If Alzheimer's disease (AD) has been a graveyard for drug development over the past 10 years, Parkinson's disease (PD) has been on life support, limping along with mostly lackluster reformulations and extended-release versions of levodopa (L-dopa). The dopamine precursor became a clinically relevant treatment in the late 1960s based on research conducted by George Cotzias and colleagues, garnering Cotzias the 1969 Lasker Prize.
But instead of becoming the starting point to treat PD, L-dopa – often paired with other drugs to control specific symptoms or enhance its effect – has been the mainstay, crossing the blood-brain barrier and bathing the brain with dopamine. The drug has helped to alleviate motor symptoms associated with the disease in many patients but, potentially, at the cost of exacerbated cognitive and behavioral symptoms, now recognized as nearly equal contributors to the physical decline associated with PD.
Efforts to move beyond the L-dopa premise encountered multiple obstacles, from failures in the lab to funding shortfalls. Of nearly 1,800 drug trials in which PD was the primary indication, only 200 were phase III studies, according to Cortellis Clinical Trials Intelligence. In more than 960, the phase was not specified. Although some of those were large observational studies, most enrolled 60 or fewer patients and only 70 percent were completed.

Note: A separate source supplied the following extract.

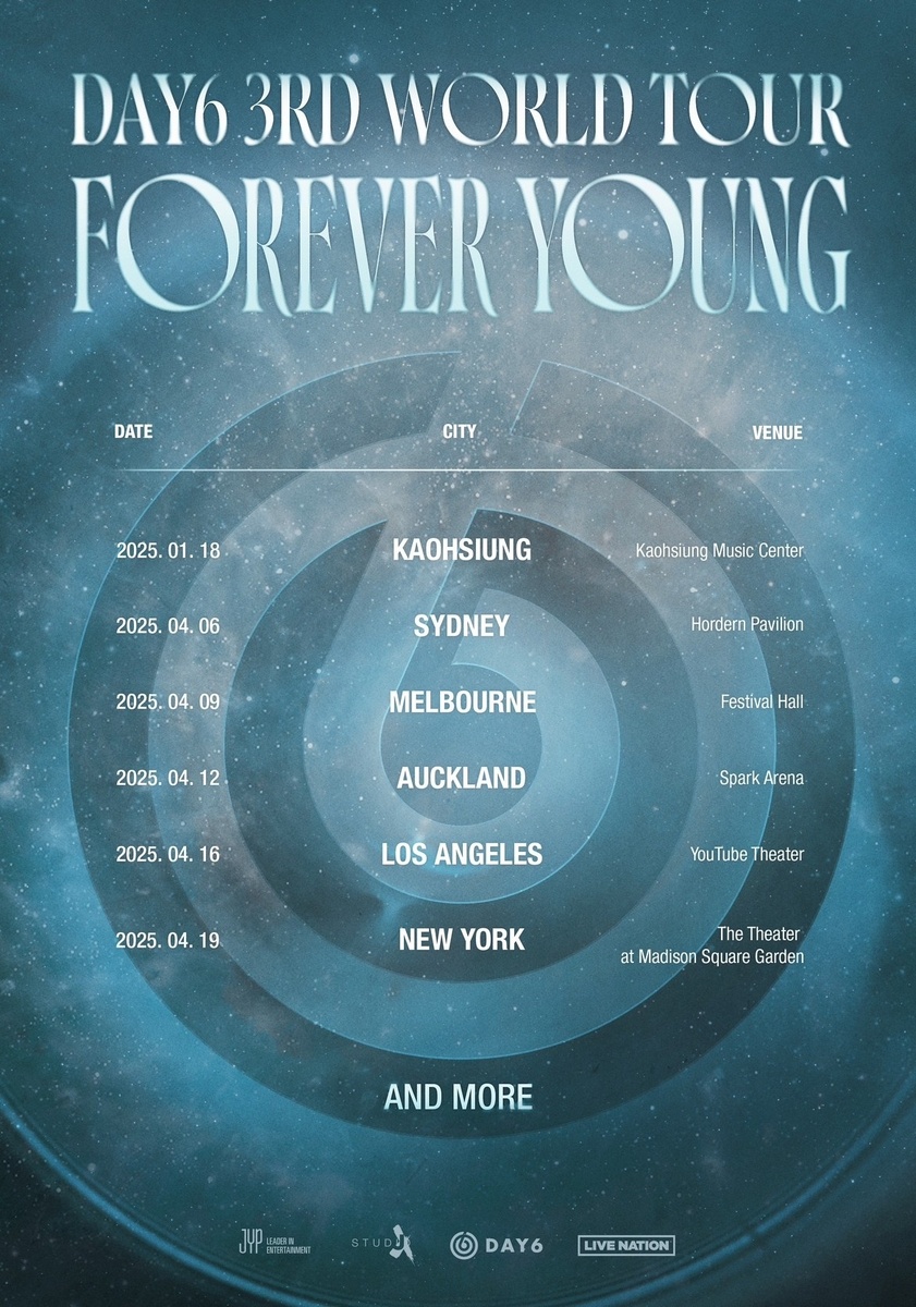 Группа Day6 (데이식스) анонсировала расширение своего третьего мирового тура под названием "포에버 영" (FOREVER YOUNG). 30 сентября 2024 года JYP Entertainment (JYP 엔터테인먼트) опубликовала новый постер, который представляет дополнительные города и даты концертов. Расписание концертов выглядит следующим образом: Таким образом, группа проведет концерты в шести городах, и особое внимание стоит обратить на Окленд, где состоится их первый сольный концерт. Все концерты, прошедшие на данный момент, стали настоящим успехом и были полностью распроданы. Туры начались в Инчхоне, где собралось более 40 тысяч поклонников, после чего группа выступила в таких городах, как Куала-Лумпур, Бали, Сурабая и Джакарта. В планах у группы также концерты в Бангкоке, которые состоятся 30 ноября и 1 декабря, а также в Гонконге с 25 по 26 января 2025 года — и эти билеты уже нашли своих владельцев. Day6 продолжит свой тур в Сингапуре 22 октября. Группа недавно добилась значительных успехов в музыкальных чартах. Их заглавная п

Of approximately 300 PD drug candidates cited by Cortellis Competitive Intelligence (CI), only 36 were launched, with two more registered and two in pre-registration.

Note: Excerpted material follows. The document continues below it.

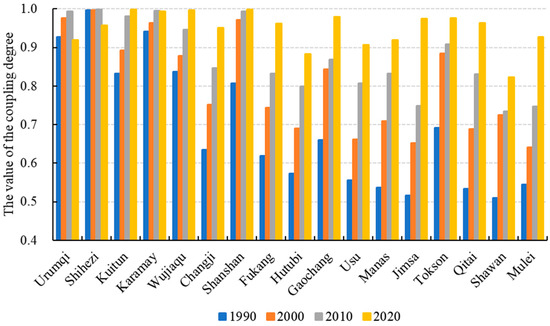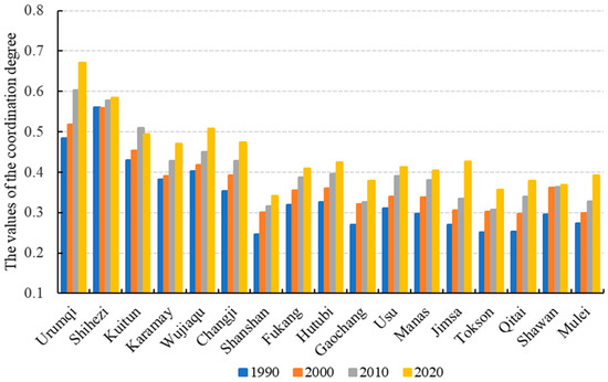 Figure 11). There are significant differences in the growth rates of different counties and cities from 1990 to 2020; the counties and cities that have obvious growth include Jimusar, Qitai, and Urumqi, with growth rates of 58.23%, 49.15%, and 38.77%, respectively. Counties and cities that have relatively small changes include Shihezi and Kuitun, with increases of 4.15% and 14.98%, respectively. The county with the highest degree of coordination between the urbanization system and the ecological resilience system of the urban agglomeration in 1990 was Shihezi, with a degree of coordination of 0.561; the county with the lowest degree of coordination between the urbanization system and the ecological resilience system was Shanshan, with a degree of coordination of only 0.245. By 2020, the highest degree of coordination between the urbanization system and the ecological resilience system of the urban agglomeration was Urumqi, with a degree of coordination of 0.672, followed by Shihezi, with a degree of coordination of 0.584; the county and city with the lowest degree of coordination between the urbanization system and the ecological resilience system is still Shanshan, with a degree of coordination of 0.342.

"I've been working in Parkinson's disease my whole adult life," said Bernard Ravina, vice president of clinical development at Voyager Therapeutics Inc., of Cambridge, Mass., and former medical director in clinical development at Biogen Idec Inc. He added, diplomatically, "The last decade or so has not yielded what people were hoping for."
Michael Jakowec, associate professor in the department of neurology at the University of Southern California and a member of the Society for Neuroscience, was more direct.
"Overall, it's been pretty disappointing over the last 10 years," Jakowec told BioWorld Insight. "I think there have been a lot of unimaginative approaches, reflecting a lack of novelty in the field."
Jakowec ascribed some of the shortfall to research cuts in PD at big pharma, leading "high-risk, exciting, cutting-edge targets to fall by the wayside."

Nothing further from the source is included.